A couple of recent federal appellate decisions that we’ve discussed have relied on the learned intermediary rule in throwing out plaintiffs’ warning claims. See In re Avandia Marketing, Sales Practices & Products Liability Litigation, ___Fed. Appx. ___, 2016 WL 574074, at *3 & n.6 (3d Cir. Feb. 12, 2016) (applying Pennsylvania law); Yates v. Ortho-McNeil-Janssen Pharmaceuticals, Inc., 808 F.3d 281, 292-93 (6th Cir. 2015) (applying New York law). If we listed all the federal courts of appeals decision applying the learned intermediary rule since Karl, we would unduly extend this post, but since the Erie doctrine does require a “prediction” of state law where the state courts have not reached a definitive answer to a particular question, we will provide federal appellate authority solely from those fourteen (mostly smaller) states where the state’s highest court has not settled the issue. See Schilf v. Eli Lilly & Co., 687 F.3d 947, 949 (8th Cir. 2012) (applying South Dakota law); Greaves v. Eli Lilly & Co., 503 F. Appx. 70, 71-72 (2d Cir. 2012) (applying Rhode Island law); and Allgood v. SmithKline Beecham Corp., 314 F. Appx. 701, 702 (5th Cir. 2009) (applying Louisiana law). There were also a couple of court of appeals decisions applying Arizona law, but we don’t care about them now, after Watts.
Once again, those against – zero. The other side has been putting up a lot of zeros in this area. The learned intermediary rule’s recent record may be the current longest winning streak this side of the UConn Huskies women’s basketball team.

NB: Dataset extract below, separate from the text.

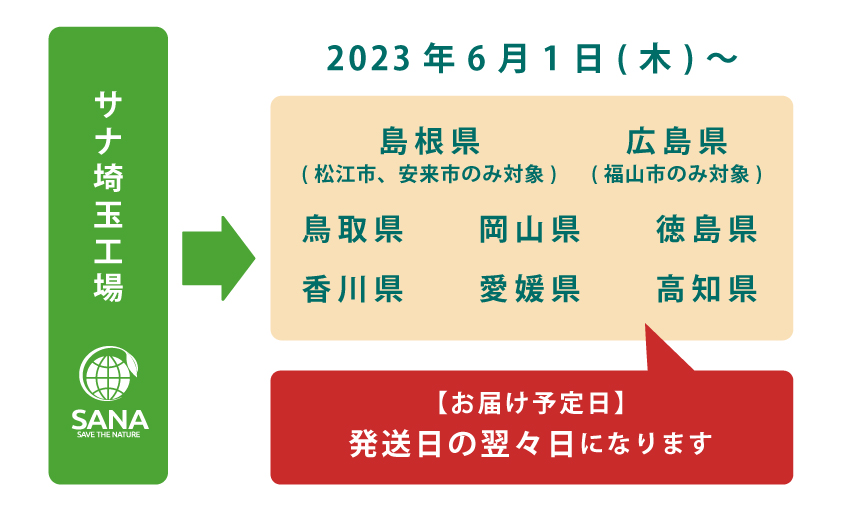 サナ埼玉工場→島根県(松江市、安来市のみ対象)、広島県(福山市のみ対象)、鳥取県、岡山県、徳島県、香川県、愛媛県、高知県

So the next time that you encounter the other side bleating about the learned intermediary rule being “outdated” or some similarly unrealistic adjective, rest assured that they’re wrong and that recent precedent uniformly refutes that proposition. Heck, the rule is even picking up some love from law review articles. “Our whole medical product regulatory scheme has long depended on the physician as learned intermediary, bringing together useful but potentially dangerous products and patients who need them.” M. Riley, “An Unfulfilled Promise: Changes Needed to the Drug Approval Process to Make Personalized Medicine A Reality,” 70 Food & Drug L.J. 289, 309 (2015). “[T]he sale of prescription drugs requires the education of prescribers, ‘learned intermediaries’ without which our prescription drug system would not function.” J. Herbst, “Off-Label ‘Promotion’ May Not Be Merely Commercial Speech,” 88 Temp. L. Rev. 43, 81 (2015). “As the FDCA’s explicit endorsement of physicians’ prescribing decisions and common law’s ‘learned intermediary’ tradition suggest, doctors are sophisticated decisionmakers who engage in a multipronged analysis when evaluating medical claims.” K. Bi, “What Is ‘False or Misleading’ Off-Label Promotion?,” 82 U. Chi. L. Rev. 975, 1012-13 (2015).